Officials in the Paris area have been scrambling to find more intensive care beds, ventilators and medical staff and spread the load of patients across the capital and its wider suburbs.

France has already increased the number of intensive care units from 5,000 to about 8,000, but doctors say Paris is already at its limit after almost doubling its capacity to about 1,200.

"We will clearly need help in the Ile-de-France (Greater Paris region) because what happened in the east is coming here," Frederic Valletoux, French Hospital Federation president, told BFM TV on Friday.

He was referring to the Grand Est region, where the first major cluster took hold in France and where hospitals are already overwhelmed.

"We will be at the limit of our capacities in 24 or 48 hours. We will need to show real solidarity between regions, hospitals and increase the numbers of patient transfers," he said.

The army has been drafted to transfer some critically ill patients to other cities from the east, while on Thursday the first patients were moved to western France from the east using high-speed TGV trains.

HEALTHCARE SERIAL KILLERS

Emergency services have been redistributing patients in the capital to hospitals that are not already overwhelmed.

"If we let hospitals cope by themselves, and let every territory that has been taken by the epidemic cope alone, then we shall head toward a catastrophe," Valletoux said.

Isolation centers were being set up across Paris to allow people with symptoms to be assessed to avoid cramming hospitals.

"This center was set up to welcome patients that are suspected of having the coronavirus and to group patients in a place where we ensure patients are isolated," said one of the attendants at a center in Cergy-Pointoise, in the northeastern Paris suburbs.
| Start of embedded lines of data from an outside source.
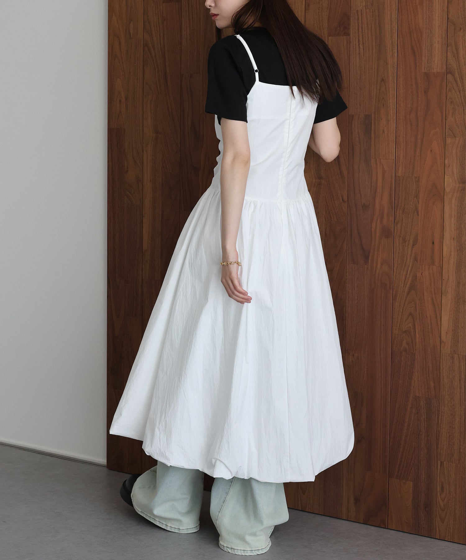 アシンメトリーギャザーが描く、モードなバルーンキャミワンピース
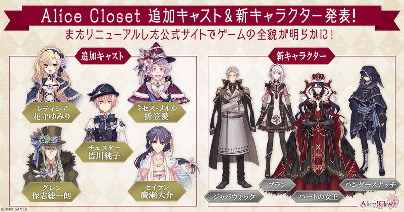 本日3月6日『Alice Closet』公式サイトの大幅リニューアルが行われ、一部キャラクターのサンプルボイスが公開された。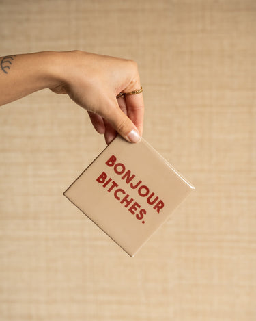 Sag jeden Morgen „Neuer Tag, wer ist da?“ mit dieser Keramikfliese. „Bonjour Bitches“ bringt sofort Schwung in deine Küche, dein Wohnzimmer oder dein Büro. Das perfekte Geschenk zum Einzug, Geburtstag oder für Freunde mit viel Persönlichkeit.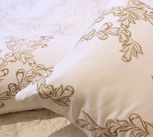 The same pattern is carried onto the stunning cushions and shams and a showstopper rectangular piece in the front. The collection of seven made from premium materials harmonizes an ensemble of elegance. This set includes a bed cover, four pillows and three cushions.
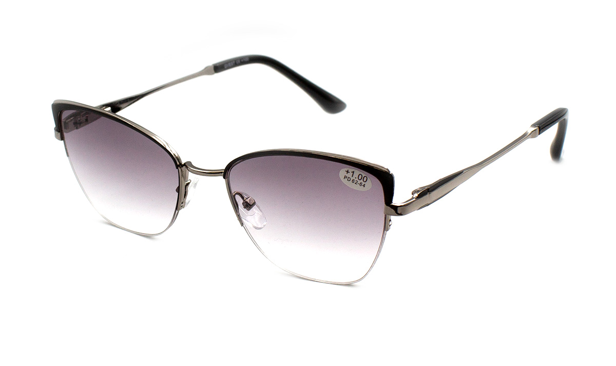 Лінза полімерна, тонована в напівободковій металевій оправі.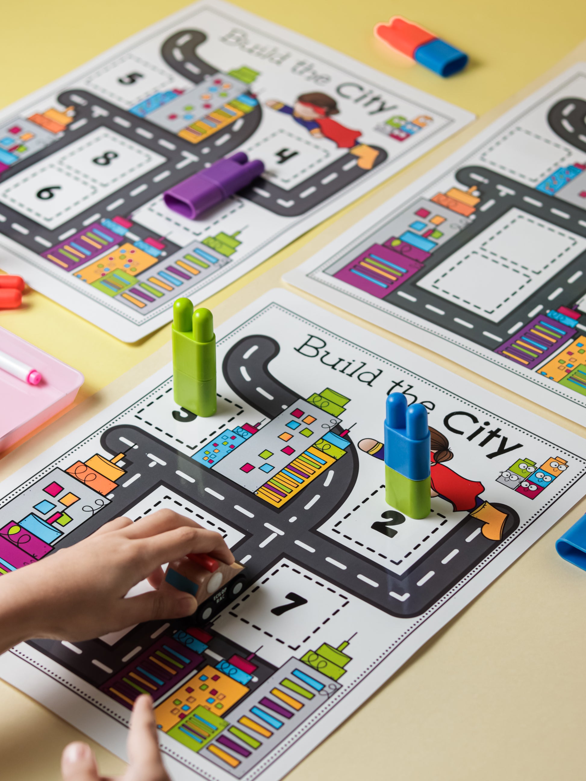 سيحب أطفالك إنشاء هذه المدن بمكعباتها الملونة ثلاثية الأبعاد 😉. يمكنهم أيضًا تحريك السيارة المضمنة حول الطرق، محاولين عدم إسقاط المباني التي قاموا ببنائها كتحدي إضافي وأكثر متعة!

Other regions are also starting to feel the pinch with medical staff decrying a lack of equipment, especially masks.

"They are letting us enter the lion's cage without anything to protect ourselves and our patients," Michelle Drouin, a nurse and union official in the southwestern Aude region, told Reuters, stressing that they were having to even replace blouses with plastic bags.

"They are turning us into serial killers. They are putting at risk health professionals and, because they are a vector of the virus, their patients too."